• [INFORMATION SUPPLIED]:
%%

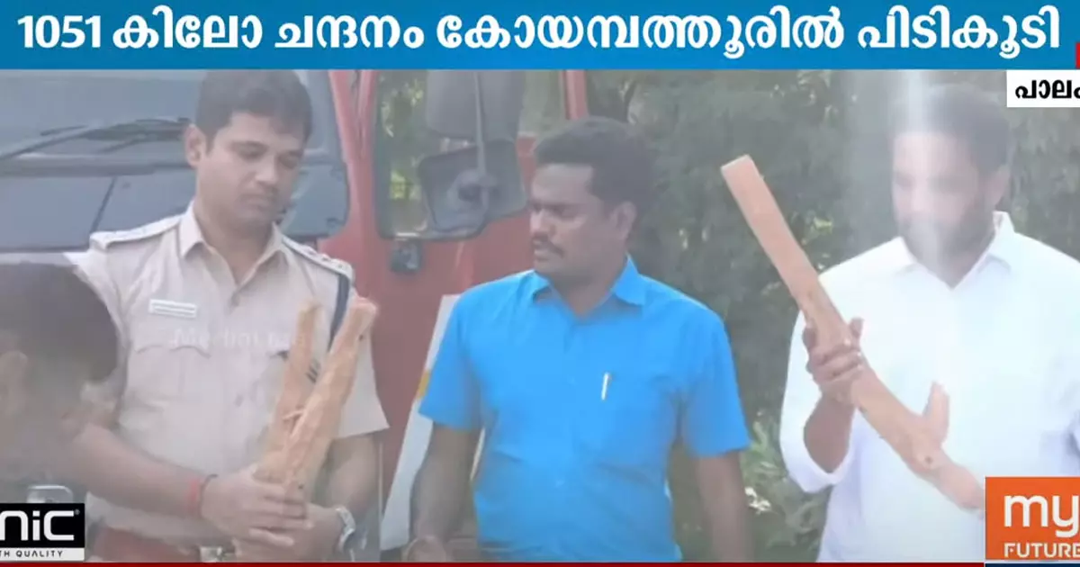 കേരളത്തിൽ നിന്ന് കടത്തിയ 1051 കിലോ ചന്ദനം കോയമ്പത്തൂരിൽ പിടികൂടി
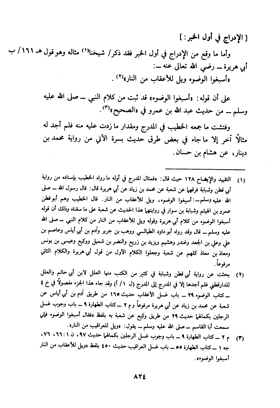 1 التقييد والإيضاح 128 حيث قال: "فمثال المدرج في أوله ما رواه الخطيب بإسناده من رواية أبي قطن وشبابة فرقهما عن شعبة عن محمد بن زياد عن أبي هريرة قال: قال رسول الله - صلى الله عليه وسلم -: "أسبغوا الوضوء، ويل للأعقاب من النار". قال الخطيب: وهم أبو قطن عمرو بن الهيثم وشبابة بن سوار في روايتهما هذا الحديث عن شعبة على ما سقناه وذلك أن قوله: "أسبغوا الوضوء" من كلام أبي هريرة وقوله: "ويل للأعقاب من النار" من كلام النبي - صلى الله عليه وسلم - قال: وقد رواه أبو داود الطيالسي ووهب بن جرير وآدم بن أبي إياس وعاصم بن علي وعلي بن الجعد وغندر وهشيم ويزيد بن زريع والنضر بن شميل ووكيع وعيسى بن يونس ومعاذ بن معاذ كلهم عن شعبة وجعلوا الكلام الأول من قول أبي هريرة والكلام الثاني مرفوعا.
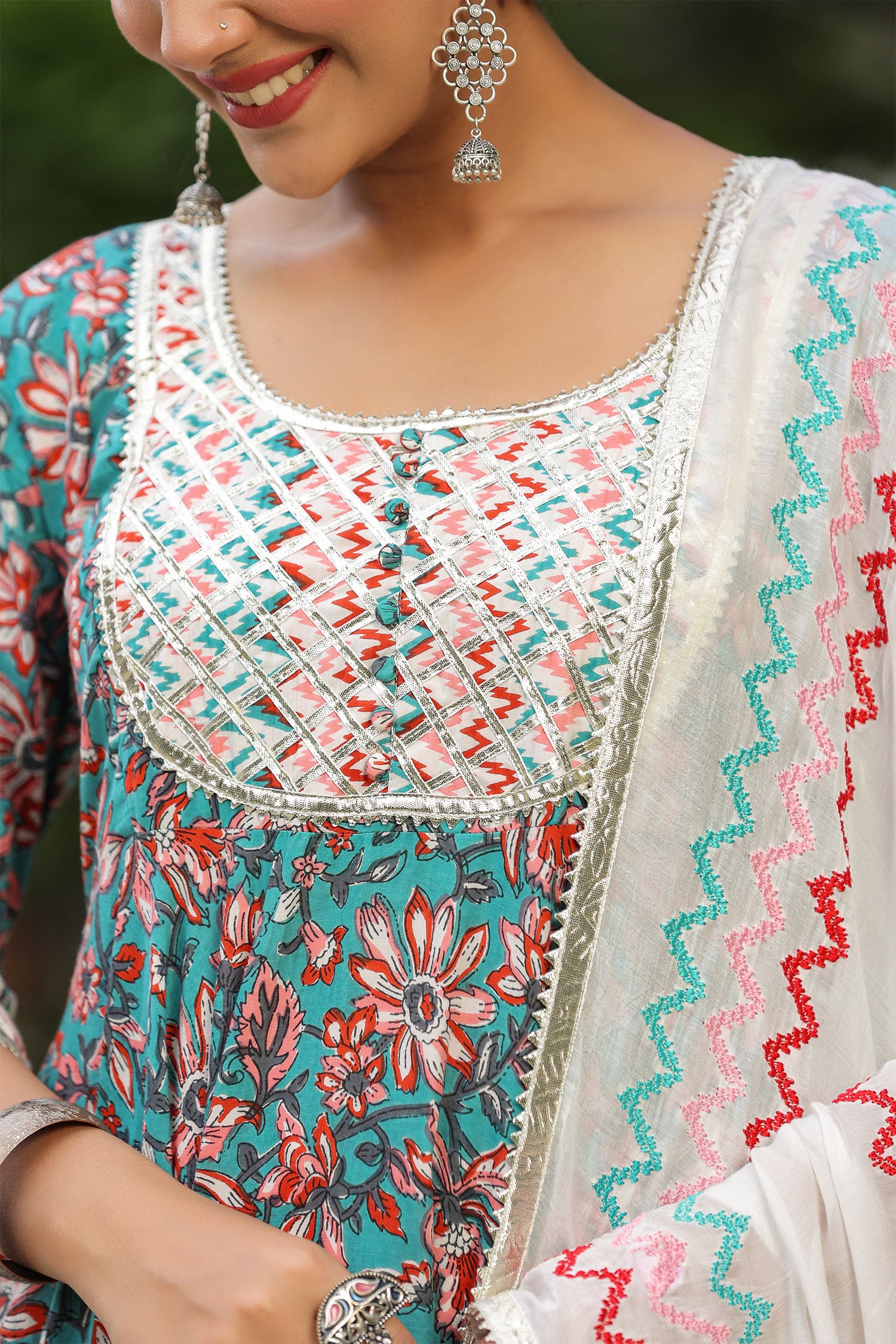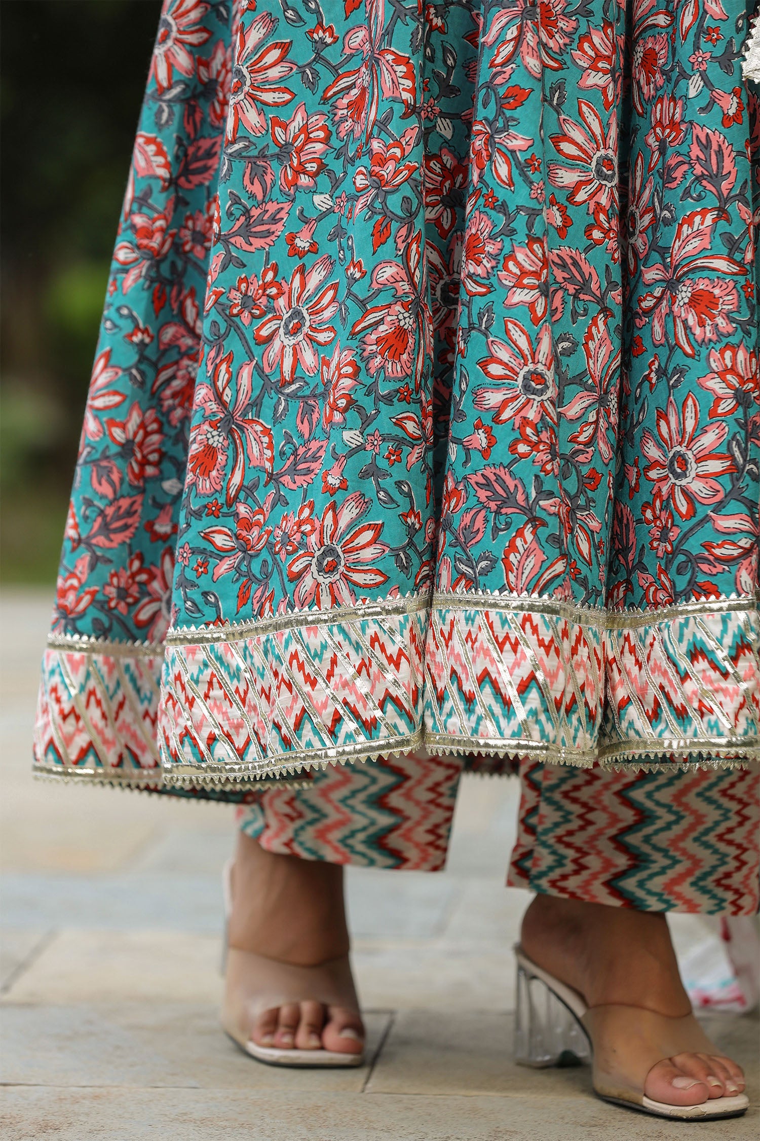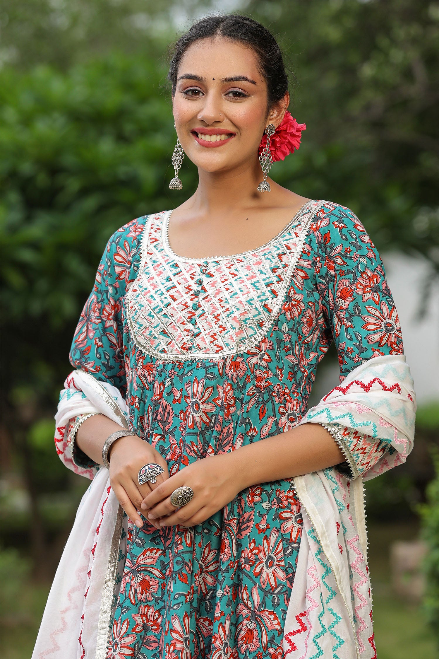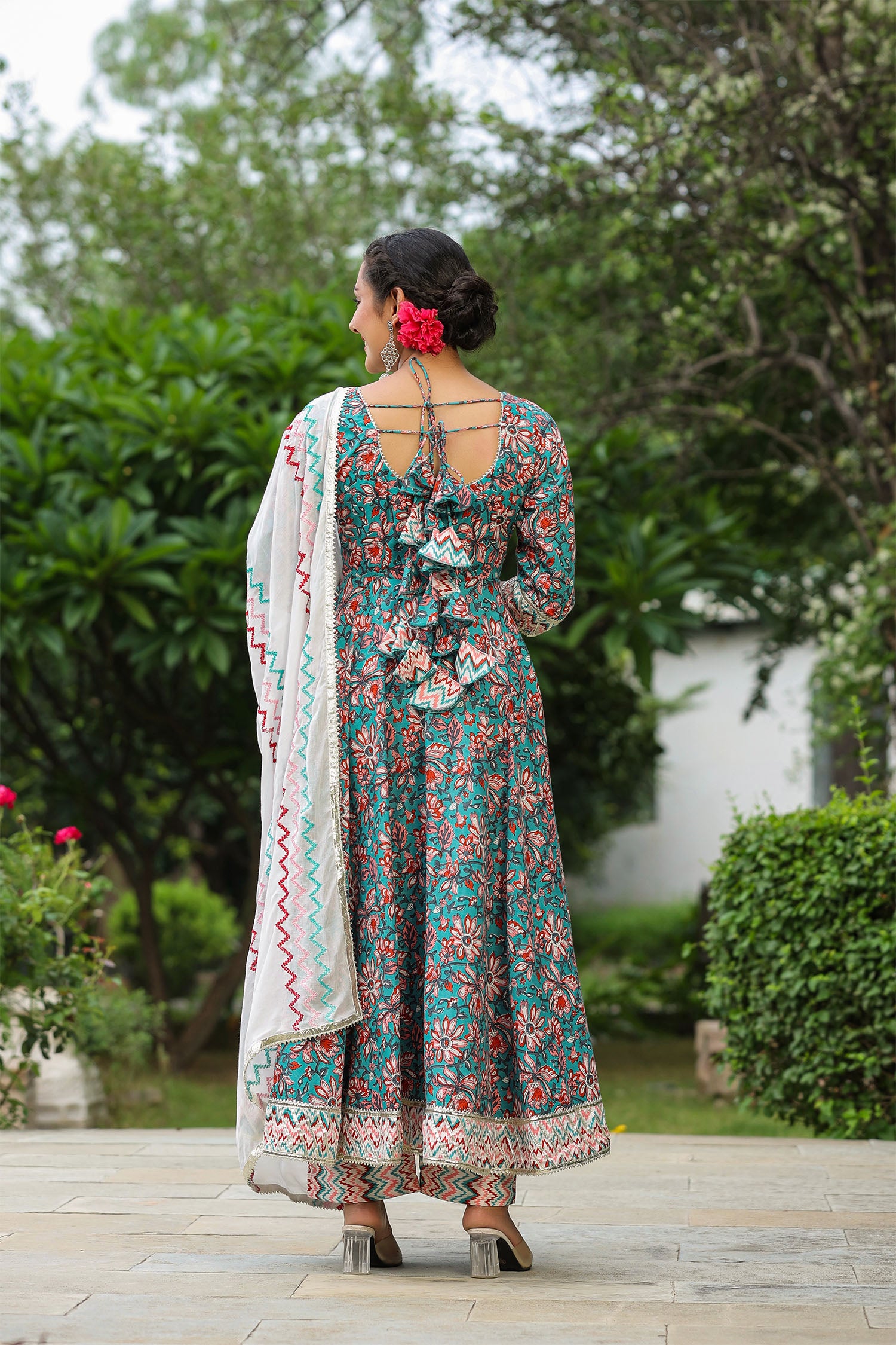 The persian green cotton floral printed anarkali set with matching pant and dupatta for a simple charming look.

%%

• [WORK TO BE COMPLETED]:
Leaving the pictures out, output the material exactly as it appears.

• [SOLUTION]:
 കേരളത്തിൽ നിന്ന് കടത്തിയ 1051 കിലോ ചന്ദനം കോയമ്പത്തൂരിൽ പിടികൂടി
 1 التقييد والإيضاح 128 حيث قال: "فمثال المدرج في أوله ما رواه الخطيب بإسناده من رواية أبي قطن وشبابة فرقهما عن شعبة عن محمد بن زياد عن أبي هريرة قال: قال رسول الله - صلى الله عليه وسلم -: "أسبغوا الوضوء، ويل للأعقاب من النار". قال الخطيب: وهم أبو قطن عمرو بن الهيثم وشبابة بن سوار في روايتهما هذا الحديث عن شعبة على ما سقناه وذلك أن قوله: "أسبغوا الوضوء" من كلام أبي هريرة وقوله: "ويل للأعقاب من النار" من كلام النبي - صلى الله عليه وسلم - قال: وقد رواه أبو داود الطيالسي ووهب بن جرير وآدم بن أبي إياس وعاصم بن علي وعلي بن الجعد وغندر وهشيم ويزيد بن زريع والنضر بن شميل ووكيع وعيسى بن يونس ومعاذ بن معاذ كلهم عن شعبة وجعلوا الكلام الأول من قول أبي هريرة والكلام الثاني مرفوعا.
 The persian green cotton floral printed anarkali set with matching pant and dupatta for a simple charming look.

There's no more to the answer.